POL-GOE: (530/03) "Es gibt keinen reinen Satanismus" - Ingolf Christiansen an der Fachhochschule
Göttingen (ots)
Hann. Münden (rh) Vor insgesamt ca. 150 Studentinnen und Studenten, dem Lehrpersonal sowie den Angehörigen der Fachhochschule für Verwaltung und Rechtspflege Fachbereich Polizei in Hann. Münden referierte am Montag (05.05.03) der Beauftragte für Weltanschauungsfragen in der Evangelischen-lutherischen Landeskirche Hannover Ingolf Christiansen gut zwei Stunden über "Satanismus - Faszination des Bösen. Phänomenologie und Ritualpraxis unter besonderer Berücksichtigung niedersächsischer Organisationen".
"Schwarze Szene" abdriften
"Satanismus in der reinen Form gibt es nicht", mit dieser Kernaussage eröffnete Ingolf Christiansen seinen Ausführungen. Es existiert nach seinem Kenntnisstand zurzeit nur ein Jugendzentristischer Satanismus, der sich aus der zunehmenden Brutalisierung der Gesellschaft ergebe. Dabei handelt es sich um einen Abgrenzungsprozess von den Eltern, um eine eigene Identität zu finden. Dieser Vorgang sei ganz normal, betonte Christiansen, jedoch kommt es bei einigen jungen Menschen vor, dass sie in eine so genannte "Schwarze Szene" abdriften. Ein geringer Teil aus dieser Szene wendet sich dem Jugendzentristischem Satanismus zu.

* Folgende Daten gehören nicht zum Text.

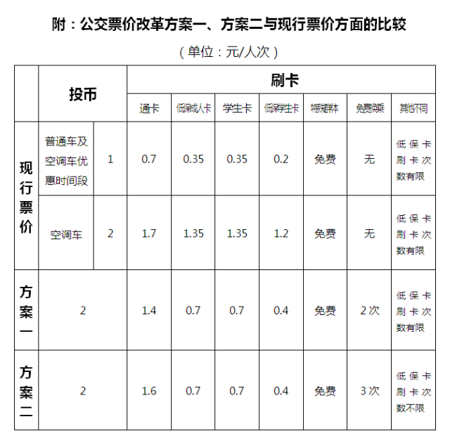 而对比票价改革前、后乘客每出行1次费用支出比较表发现,无论是方案一还是方案二,除了投币外,一卡通、学生卡、低保成人卡、低保学生卡费用都在降低,尤其是方案一,一卡通改革后均次费用为1.4元,费用可以下降0.3元。
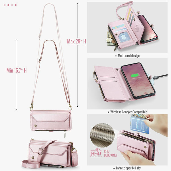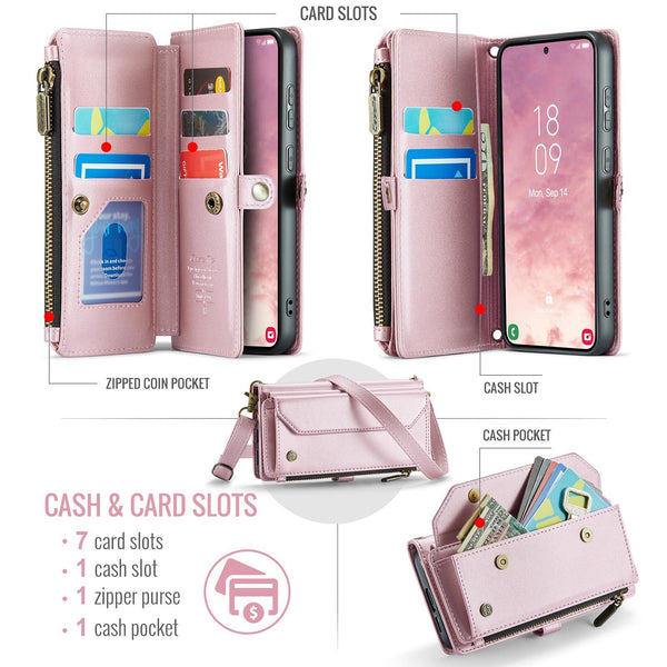 For Samsung Galaxy S25 5G CaseMe C36 Card Slots Zipper Wallet RFID Anti-theft Leather Phone Case(Pink)
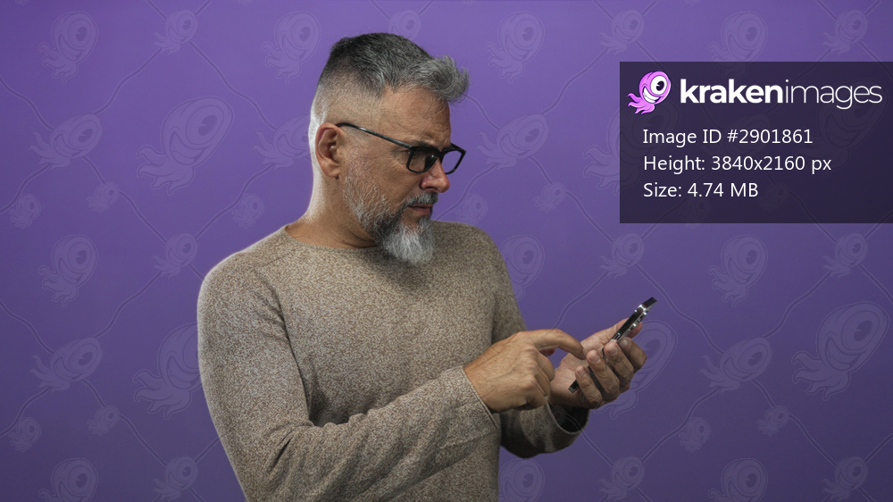 Man with gray beard and glasses pointing finger at smartphone in purple studio, wearing beige sweater; concentration digital communication.
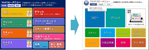 マルチコピー機を初めて使う人でも迷わずに操作ができるよう、従来の操作画面を見直し、スマートフォンやタブレット端末に近いデザインに刷新した。また、コピー機本体の高さを低くし、操作画面の角度を最適化するなど、車いすの人でも「あんしん」して利用できるデザインに変更した。
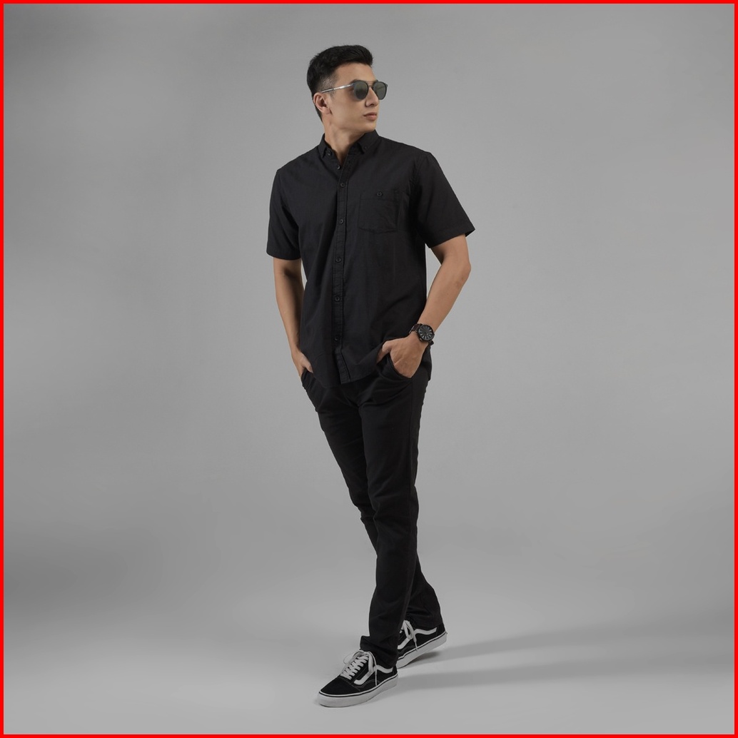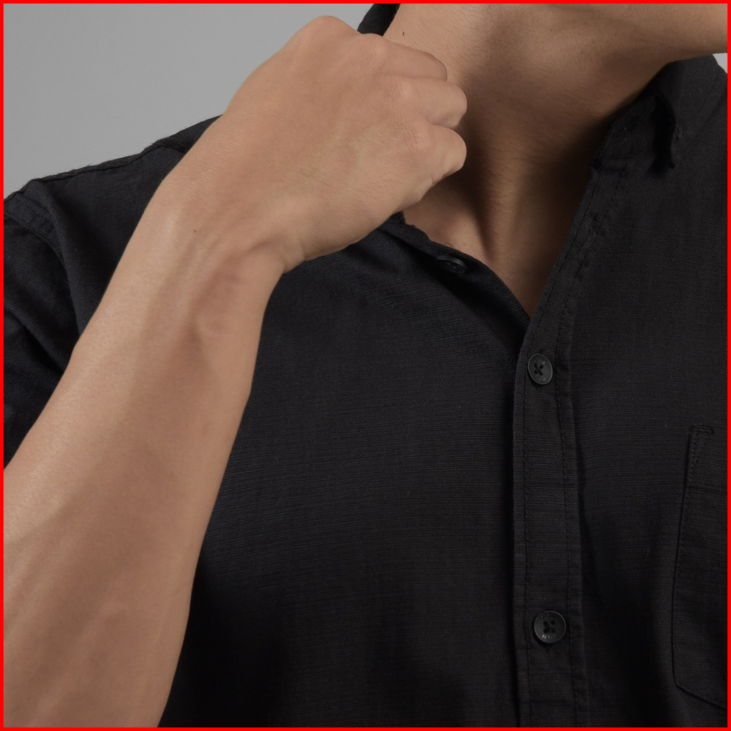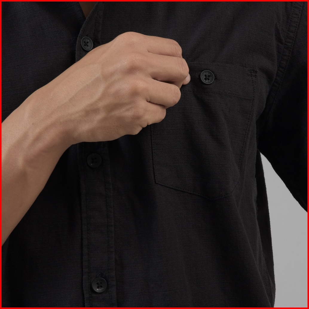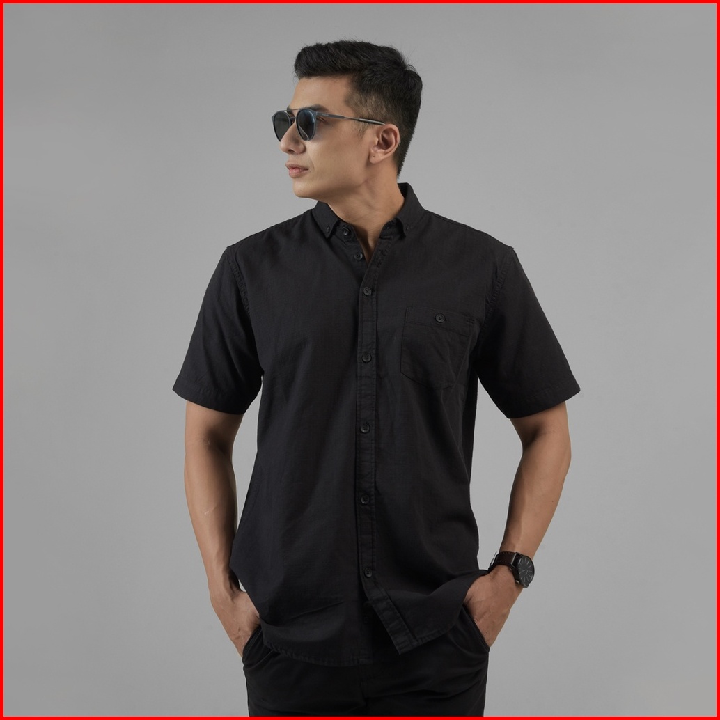 Dgm Kemeja Pria Basic Polos Lengan Pendek Black 1011
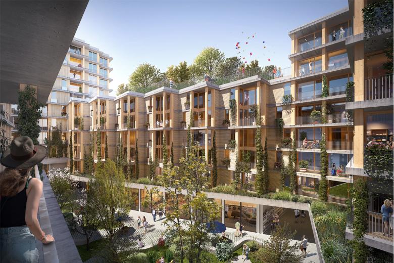 Das Projekt schafft eine bewusste Differenzierung und Schichtung des Gebäudevolumens durch die konstruktiv und formal unterschiedliche Ausbildung des Gebäudesockels und den darüber liegenden Geschossen. Das Gebäudeensemble wird dialektisch mit massivem Gebäudesockel und darauf aufgesetzten, im Modulraster angeordneten „leichten“ Wohngeschossen konzipiert. Ein umlaufender Sockelvorsprung ermöglicht die üppige Begrünung der Gebäudefassaden und akzentuiert die Schnittstelle zwischen Sockel und den darüber liegenden Geschossen.
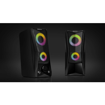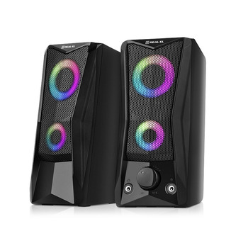 REAL-EL S-107 имеет удобный регулятор громкости и дополнительные разъемы для подключения наушников и микрофона. Яркая подсветка придает динамичности и создает приятную атмосферу во время работы на компьютере или отдыха с любимой музыкой.
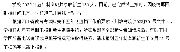 川南幼儿师范高等专科学校关于2022级五年制高职新生未进行线上报到的公告

18.600 bis 60.000 Personen driften ab
Nach Einschätzung Christiansens handelt es sich dabei um 18.600 bis 60.000 Personen in Deutschland. Eine genaue Zahl ist seinerseits nicht möglich, da er sich auf gering vorhandene Befragungen von Jugendlichen beschränken muss. Dabei sagte er: "Diese Geheimbunde erhalten von Jahr zu Jahr immer mehr Zulauf von schwächeren Personen unserer Gesellschaft." In diesen Gruppen werden Rituale im Namen Satans begangen, die sich vorwiegend mit Tabu-Brechungen (Tiertötungen/Verzehr von Kot und Urin) beschäftigen.
Rotenburger Kannibalfall
Diese antireligiösen Kreise sind nicht organisiert, offen und outen sich sehr häufig. Dieses steht im absoluten Widerspruch zum rationalen Ordenssatanismus nach dem Leitfaden des Vaters des Satanismus Aleister Crowley. Dieser Form des rituellen Ordenssatanismus spricht Christiansen die größte Gefahr zu. Hier kommt es u.a. zu Opferungen von Menschen, physischen und psychischen Vergewaltigungen. Da diese Gruppen aber im Dunkeln operieren, sind Aussagen kaum möglich. Das Internet gebe jedoch Grund zur Annahme, dass auch dort ein reger Zulauf stattfindet. Dort lassen sich Vergewaltigungen, Realtötungen und weitere Rituale mit satanistischem Hintergrund finden. Diese erstrecken sich über den angloamerikanischen und europäischen Bereich, was nach dem "Rotenburger Kannibalenfall" bekannt wurde.
Spitze eines Eisberges
Um die zukünftigen Polizeibeamten zu sensibilisieren, sprach Ingolf Christiansen im letzten Teil seines Vortrages über eine Verquickung von neonationalistischen Organisationen und der des Black-Metalls. In der letzteren Gruppierung haben sich satanistische Untergruppen entwickelt, was auch satanistische Konzerte und deren Metallbands zeigen. Diese Personen sehen sich als die einzig wahren Wesen mit antichristlicher und antijüdischer Philosophie. Ein idealer Nährboden für neonationales Gedankengut, wie Christiansen berichtet. In Zeitschriften der rechten Szene finden sich nach seiner Aussage immer mehr Artikel und Anzeigen über Black- Metallbands. Anfällig für dieses Phänomen sind vor allem die Menschen der ehemaligen "Opferstaaten" wie Polen, die GUS und Frankreich. Dabei handelt es sich nicht mehr um eine Gruppierung, sondern um eine ganze Bewegung mit einer zunehmenden Politisierung. Das ist aber nur definitiv die Spitze des Eisberges, so Christiansen am Schluss seines Vortrags.